Da implementação de alterações nas legislações estaduais para responsabilizar empresas de marketplace

Com o indubitável crescimento das empresas que realizam operações de prestação de serviços por meios eletrônicos, bem como a relevância econômica que ocupam, a discussão acerca de uma tributação “justa“ ao setor tem sido cada vez mais recorrente. Discute-se se há proporcionalidade no pagamento de impostos, em comparação com outros setores do mercado.

É importante a compreensão do papel desses agentes na economia atual e também seu conceito. Substancialmente, esses negócios apresentam um conceito coletivo de vendas/serviços online, ou seja, é um instrumento no qual diferentes lojas podem anunciar seus produtos e/ou serviços, dando ao cliente uma variedade de opções.

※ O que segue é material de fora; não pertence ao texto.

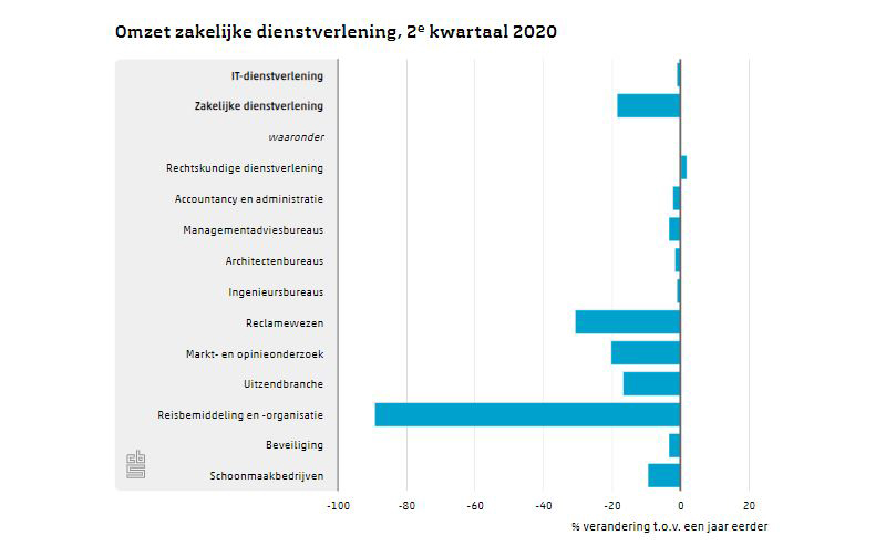 De omzet van de zakelijke dienstverlening was in het tweede kwartaal van 2020 18,5 procent lager dan in hetzelfde kwartaal een jaar eerder. Vooral in de reclame- en de reisbranche vielen door de coronacrisis harde klappen. De administratieve dienstverlening boekte 1,9 procent minder omzet, de eerste daling in vijf jaar.
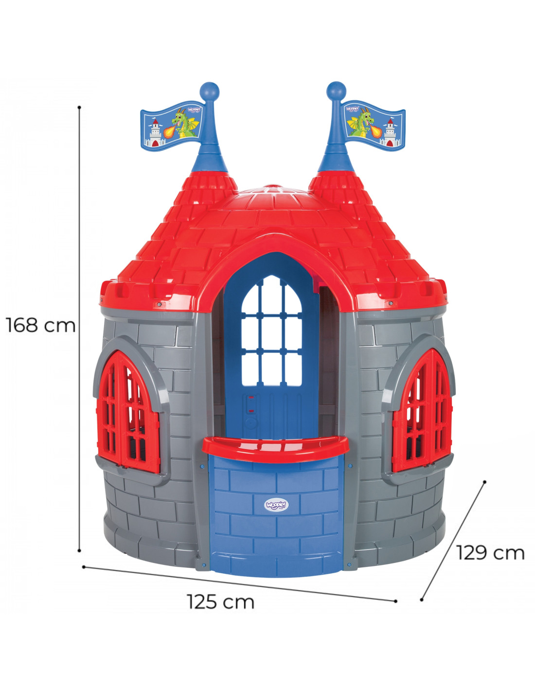 Zamek od marki WOOPIE w kolorze szarym jest super twierdzą dla Twojego dziecka i jego przyjaciół! Do domku można wejść za pomocą starodawnych średniowiecznych drzwi. Pałac posiada parę okien otwierających się na roścież oraz taras widokowy. Zamek widoczny jest z daleka, dzięki kolorowym dachom oraz parą chorągiewek. Twierdza jest łatwa do złożenia oraz posiada wiele miejsca na zabawę bez końca! Plac zabaw pozwoli dzieciom poczuć się jak rycerz i księżniczka w prawdziwym zamku!

Por conseguinte, trata-se de uma rede cujos vendedores podem fazer suas ofertas dentro do mesmo meio eletrônico, como, sites e aplicativos. Essencialmente, o marketplace e plataformas digitais intermediam a negociação, aproximando o vendedor/prestador do comprador/tomador.

Covid-19 e as operações de marketplace

Nos últimos dois anos os marketplaces e plataformas digitais tiveram um crescimento exponencial. Segundo o relatório da Ebit/Nielsen, a pandemia provocou um pico nas compras online no Brasil, levando 7,3 milhões de novos consumidores ao e-commerce no primeiro semestre de 2020.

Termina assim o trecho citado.